» **Supplied records**:

· · ·

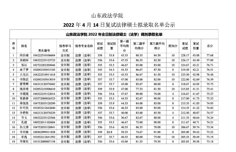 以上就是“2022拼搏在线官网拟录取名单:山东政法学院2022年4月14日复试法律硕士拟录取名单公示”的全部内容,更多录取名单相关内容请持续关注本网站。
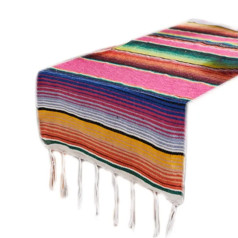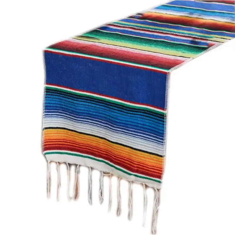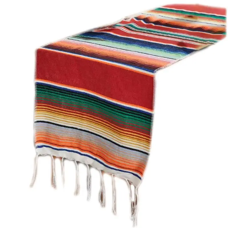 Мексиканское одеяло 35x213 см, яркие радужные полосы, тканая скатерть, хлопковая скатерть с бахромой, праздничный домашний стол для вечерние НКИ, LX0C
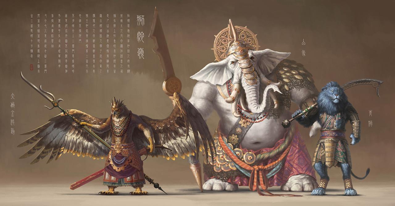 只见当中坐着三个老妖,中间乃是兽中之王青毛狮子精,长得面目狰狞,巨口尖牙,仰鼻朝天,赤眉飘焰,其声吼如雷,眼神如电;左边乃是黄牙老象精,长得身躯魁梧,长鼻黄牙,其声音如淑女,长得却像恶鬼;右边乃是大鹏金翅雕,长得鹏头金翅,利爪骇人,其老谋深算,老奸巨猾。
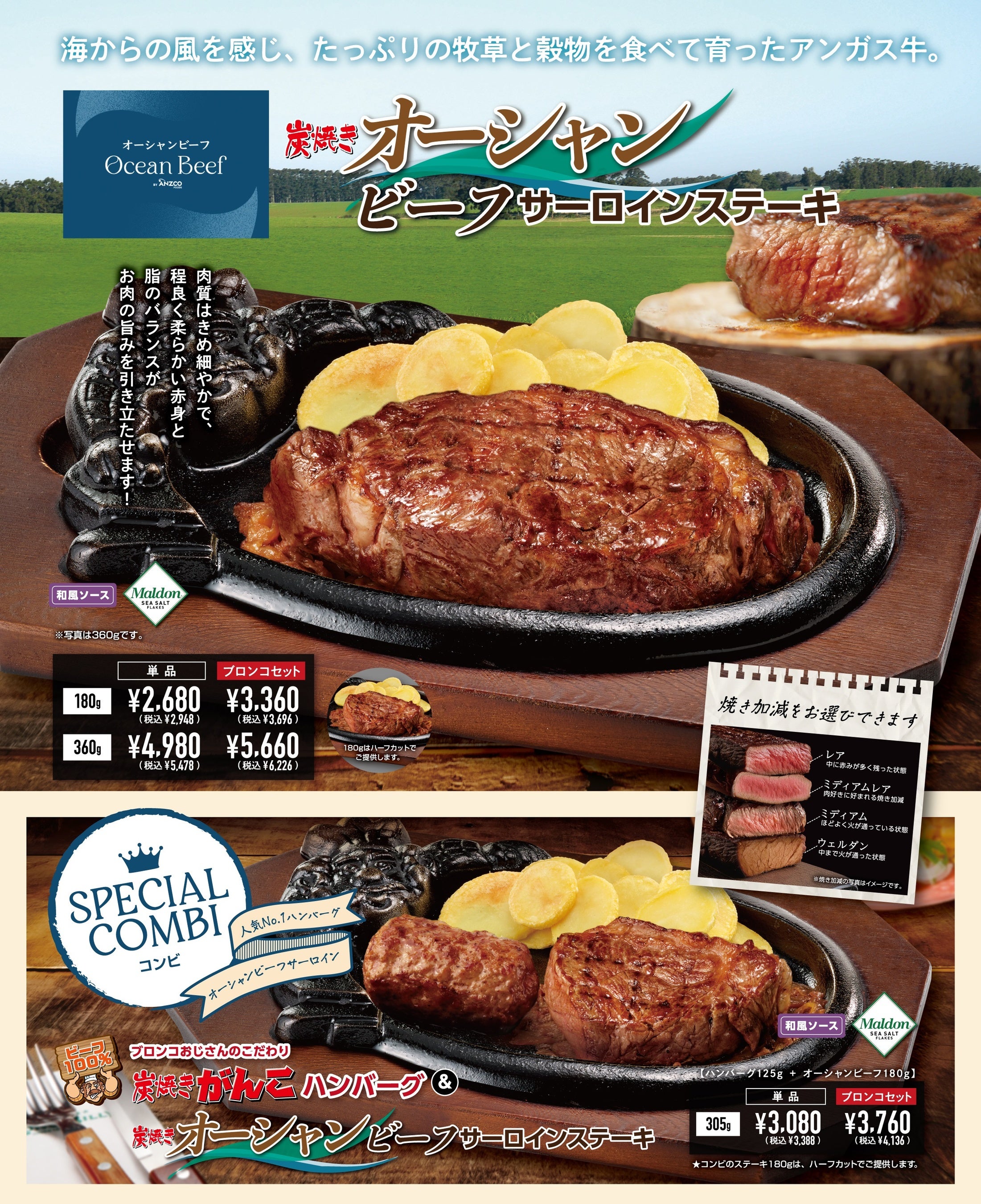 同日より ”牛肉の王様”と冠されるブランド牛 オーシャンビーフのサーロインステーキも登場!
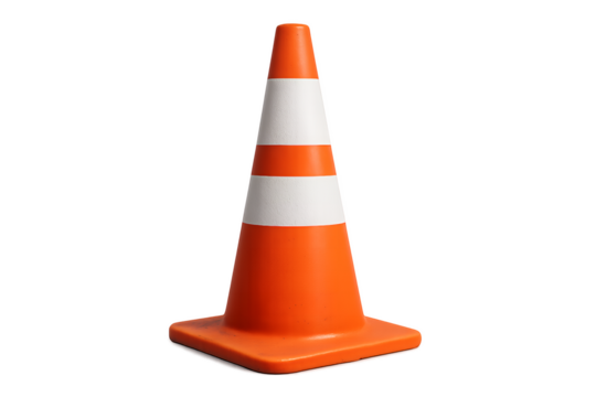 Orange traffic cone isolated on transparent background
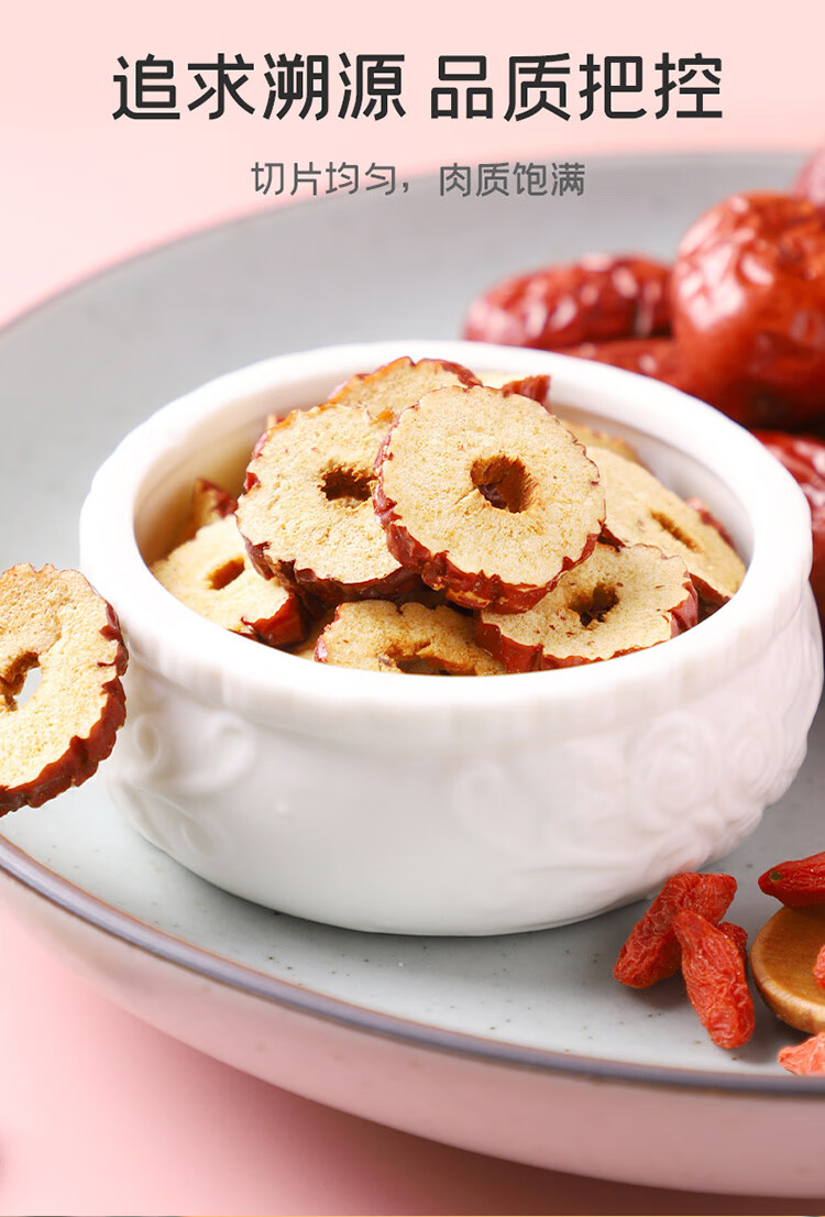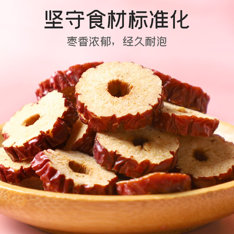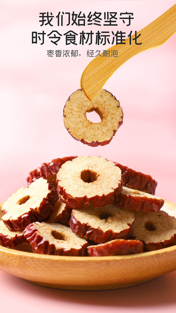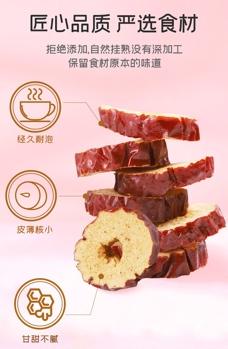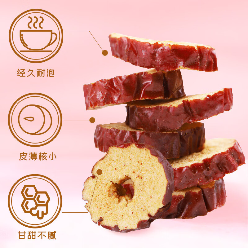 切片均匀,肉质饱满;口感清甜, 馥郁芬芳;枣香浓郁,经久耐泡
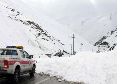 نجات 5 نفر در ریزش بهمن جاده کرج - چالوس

· · ·

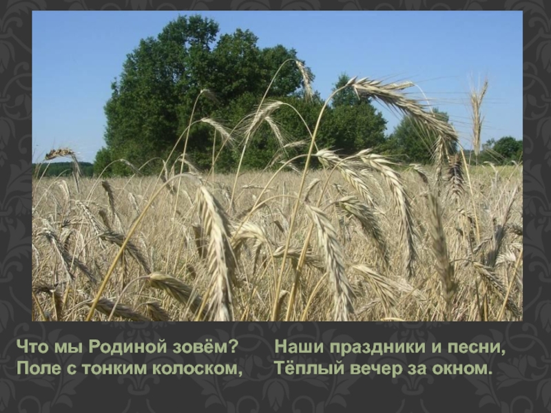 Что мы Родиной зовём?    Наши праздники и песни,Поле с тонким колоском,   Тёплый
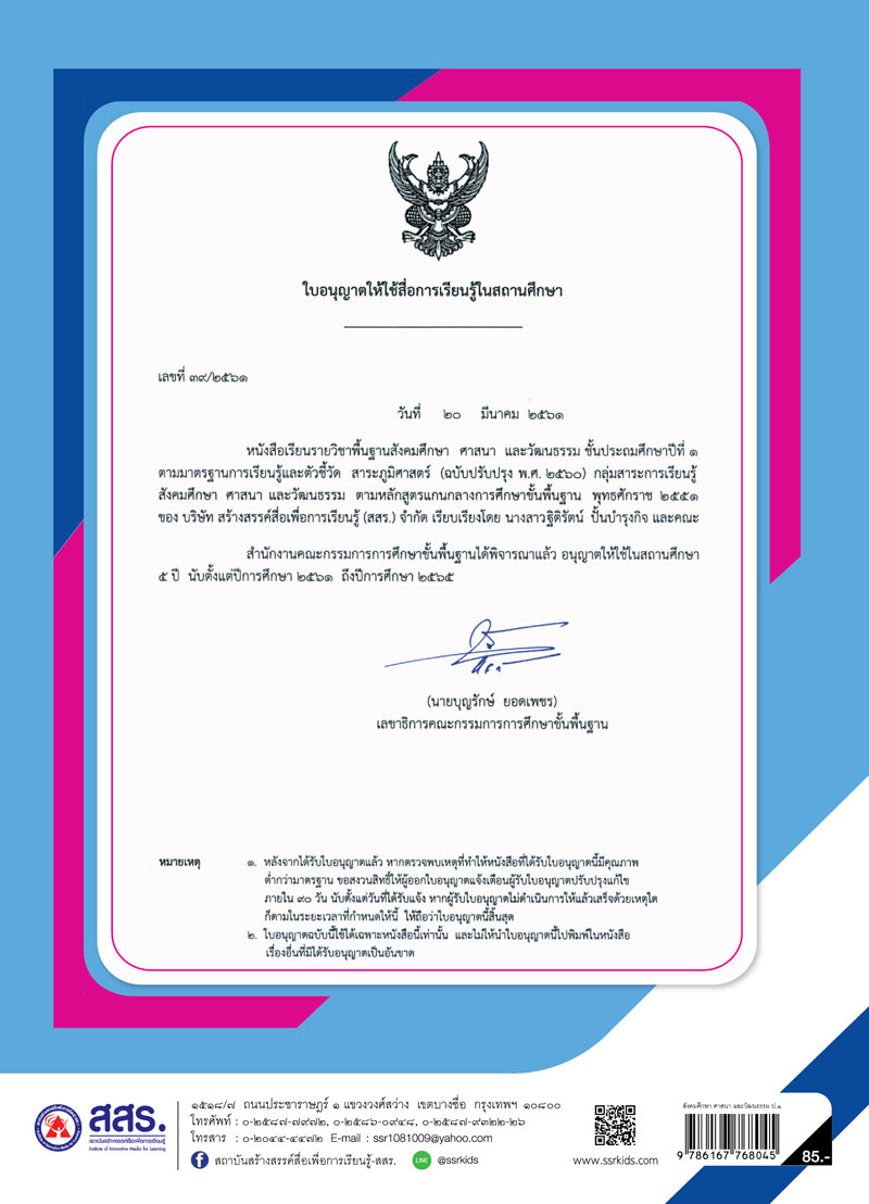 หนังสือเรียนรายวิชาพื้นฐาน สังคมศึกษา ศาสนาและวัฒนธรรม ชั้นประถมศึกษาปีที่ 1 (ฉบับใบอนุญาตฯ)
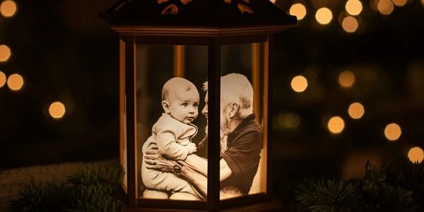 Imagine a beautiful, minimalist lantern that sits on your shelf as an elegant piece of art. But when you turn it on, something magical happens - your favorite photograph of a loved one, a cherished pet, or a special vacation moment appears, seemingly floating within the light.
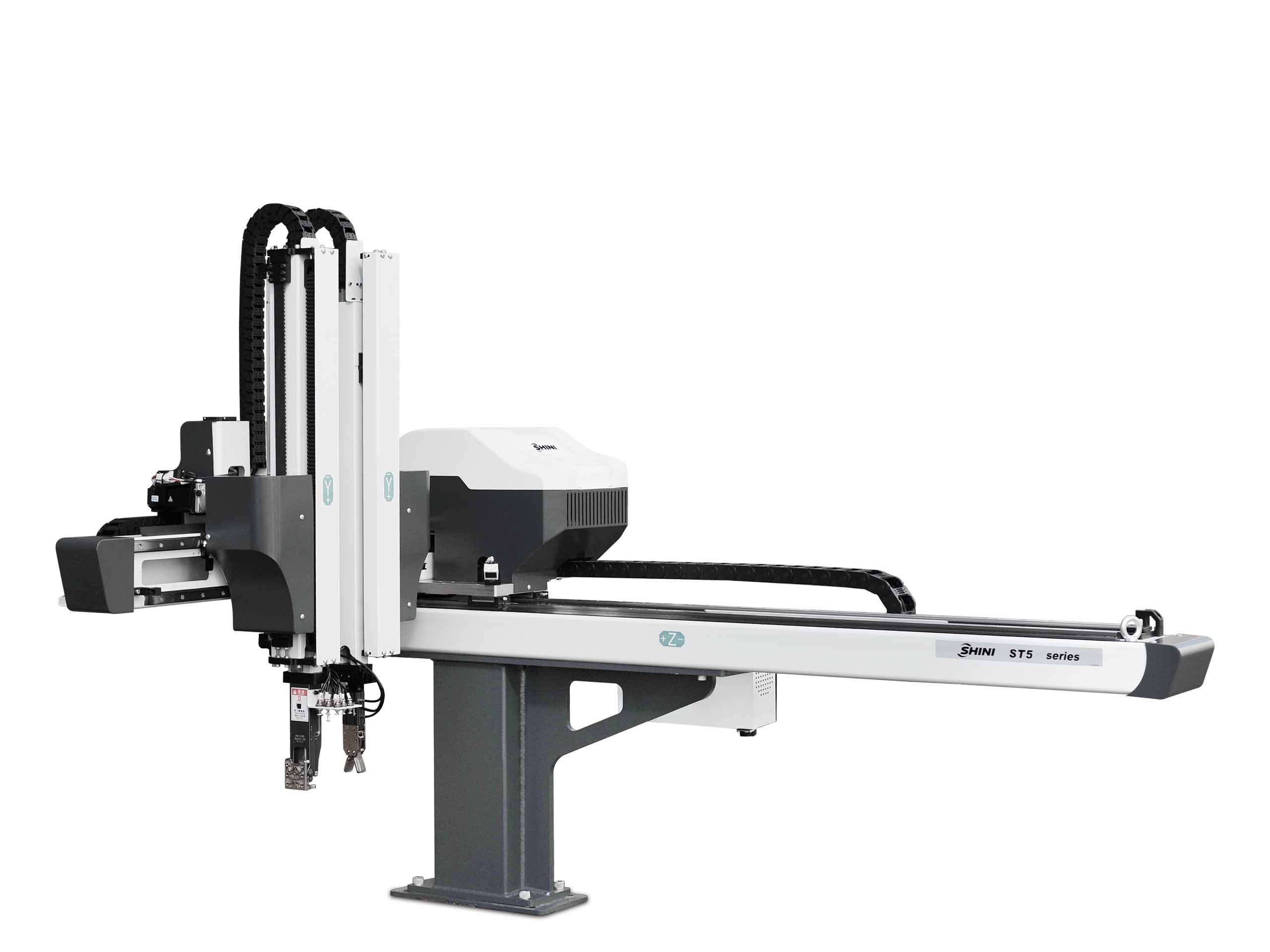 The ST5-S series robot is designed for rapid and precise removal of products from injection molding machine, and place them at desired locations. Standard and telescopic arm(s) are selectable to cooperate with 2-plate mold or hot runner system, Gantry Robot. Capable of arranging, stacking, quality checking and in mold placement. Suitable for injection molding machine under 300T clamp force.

· · ·

» **What is required**:
In the entries above, find the line containing "หนังสือเรียนรายวิชาพื้นฐาน สังคมศึกษา ศาสนาและวัฒนธรรม" and the line containing "The ST5-S series"; give again exactly those two lines and every line between them, minus the pictures.

» **Solution below**:
 หนังสือเรียนรายวิชาพื้นฐาน สังคมศึกษา ศาสนาและวัฒนธรรม ชั้นประถมศึกษาปีที่ 1 (ฉบับใบอนุญาตฯ)
 Imagine a beautiful, minimalist lantern that sits on your shelf as an elegant piece of art. But when you turn it on, something magical happens - your favorite photograph of a loved one, a cherished pet, or a special vacation moment appears, seemingly floating within the light.
 The ST5-S series robot is designed for rapid and precise removal of products from injection molding machine, and place them at desired locations. Standard and telescopic arm(s) are selectable to cooperate with 2-plate mold or hot runner system, Gantry Robot. Capable of arranging, stacking, quality checking and in mold placement. Suitable for injection molding machine under 300T clamp force.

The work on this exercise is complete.